Lines 239-241: This sentence needs to be reformulated.

- Revised according to the comment of the reviewer

 

Lines 254-255: Please, specify the sample/supernatant volume or mass.

- Revised according to the comment of the reviewer

 

Line 264: Please, specify details of PCR conditions.

- Revised according to the comment of the reviewer

 

Line 270: Authors deposited the 16S rRNA gene sequences in the NCBI-GenBank? Please provide them.

- Revised according to the comment of the reviewer

 

Lines 283-285: Delete, repeated information.

- Revised according to the comment of the reviewer

 

Line 234: The results of the sensory analysis were not presented, so this statement is speculative and should be deleted.

- Strain cultures were not eligible for IRB approval

 

Lines 346-347: Again, the data presented were conducted in culture medium and strains may not represent the expected activity in the final product (doenjang).
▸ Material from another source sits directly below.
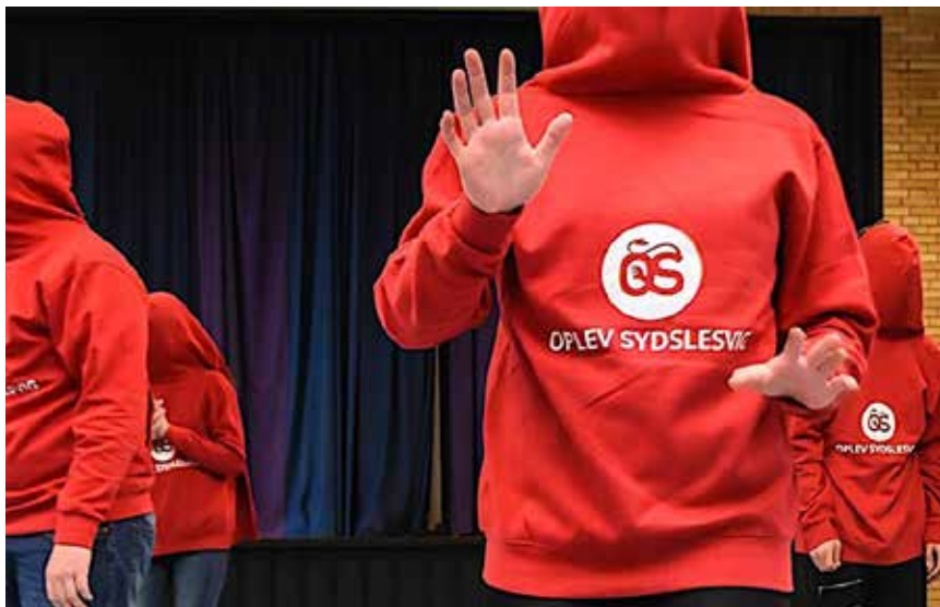
Fra SydslesvigCrew-workshoppen for nylig på Jaruplund Højskole.

- As, the main ingredient of the TSB medium used for bacterial isolation was soybean, and it is expected that the enzyme activity will appear in soybean fermented foods(Doenjang) using the selected strain. Not all possibilities could be investigated at the strain screening stage.

 

Figure 1 needs to be modified, the caption should be placed below to avoid overlapping text.

- Modified Figure 1

Round 2

Reviewer 1 Report

Check the abbreviations and compound names once more.

TSB first appears on line 76, but it is explained on line 106. Do not use capital letters in retention time (line 151). GABA is expleined repeatedly and gamma should be written with a Greek letter (lines 64,196). Correct Doenjang on lines 263-264.

Author Response

  • Revised according to your kind comments

Reviewer 3 Report

The authors improved the quality of the manuscript but did not answer all my questions.

 

e.g. I asked for a more descriptive abstract reporting the main numerical data (percentages, levels, concentrations etc.) and it was not done.

 

However, the main criticisms of the work remain given by the fact that the authors speak of strains without having carried out a molecular strain typing. Furthermore, they have not entered the accession numbers of deposit on Genebank.

Author Response

  • Revised according to your kind comments
  • In response to the second comment, 16s rRNA sequencing was performed to identify strains isolated from Doenjang, and the sequences were analyzed using the Genebank database as reference sequence. There is no Genebank accession number because nucleotide sequences other than the 16s rRNA gene for identification were not analyzed. The molecular strain typing you requested is what we will do in the future for commercialization.

Reviewer 4 Report

The authors adequately addressed my questions raised during the review of the paper. Thus, I believe the paper can now be considered for publication.